Today is the third of this month and all I have not written one word of what I promise will be an amazing novel.
I have let Satan use the fact that a certain “client” of mine has recently defaulted on a ghostwriting project I did for them get in the way of what I know the Lord told me to do. This person, whom owes me money not just for the manuscript but also for the screenplay has caused a lot of harm in my household because I depend on money from the sale of my books and my ghostwriting to supplement monies from my “day job” so that I can make ends meet. This person has angered me so much, that I have stepped out of character—backslid into using language I have steered away (except in some of my writings and I’m working on that) for over three years. This person, who did not abide by the written contract we have for my services is in possession of stolen material and now claims ownership of my work. And to justify her indiscretion and issues with me when confronted with the fact that she can’t publish the work without paying, she throws in “greater is he that is in me than He who is in the world” like the Words from the Book is supposed to just give her a pass to screw me over.
For those of you who have written a screenplay know how hard it is to not only come up with the storyline, but format it correctly and make it presentable on the off whim chance you are having lunch with someone in position to help you out, that the story can be ready. Now imagine having to use that to build a manuscript from which a book will be published.
That’s a lot of work—a lot of writing and re-writing. And we won’t talk about what I’ve had to add and change to make the info work as a book.
Let’s just say that considering I was more the generous to this “client” I am beyond livid. How dare she steal from me? The whole day after our conversation (which did not go well), I was very angry because I spent a lot of time, energy and passion building up this project which is suppose to be a tribute to her “dead son” and now I have nothing to show for my work.
I’m supposed to forgive, which I will do because that’s what the Lord commanded me to do. I’m not supposed to seek vengeance—how can this be when my family is about to suffer for this lack of payment while she is eating off of work she knows isn’t fully paid for? So what do I do?
My pastor reminded me that I am supposed to trust in the Lord and let the Lord convict her heart in His time. My fiancée (she will be wife next Saturday) reminded me that I am a man of many talents—a man with quite a few publishing opportunities on the table from multiple publishers. The Spirit reminded me of the parable of the talents and despite the fact that one may have been stolen from me that I am to continue laboring in the field, spreading the gifts I have been given to uplift and edify the kingdom.

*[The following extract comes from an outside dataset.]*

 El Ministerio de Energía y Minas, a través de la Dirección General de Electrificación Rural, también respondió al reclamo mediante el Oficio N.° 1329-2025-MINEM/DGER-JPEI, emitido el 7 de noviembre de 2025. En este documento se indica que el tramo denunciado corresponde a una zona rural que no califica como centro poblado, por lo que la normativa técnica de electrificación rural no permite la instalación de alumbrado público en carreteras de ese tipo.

This is the first thing I’ve written since the incident happened and now, my task is very simple—I am going to write the first words of this book after I make this post and Lord willing, I will let y’all know how many words. NaNoWriMo required 50,000 for the project to be a success and it takes 1667 words a day so I’m behind already. Thank God I have an outline but still…a lot of work to do.
The answer to the million dollar question…no I don’t hate this client, or any of the other “clients” and publishers who’ve harmed and cheated me in the past. But I promise you this, I will be smarter, wiser and more selective in how I offer my services in the future.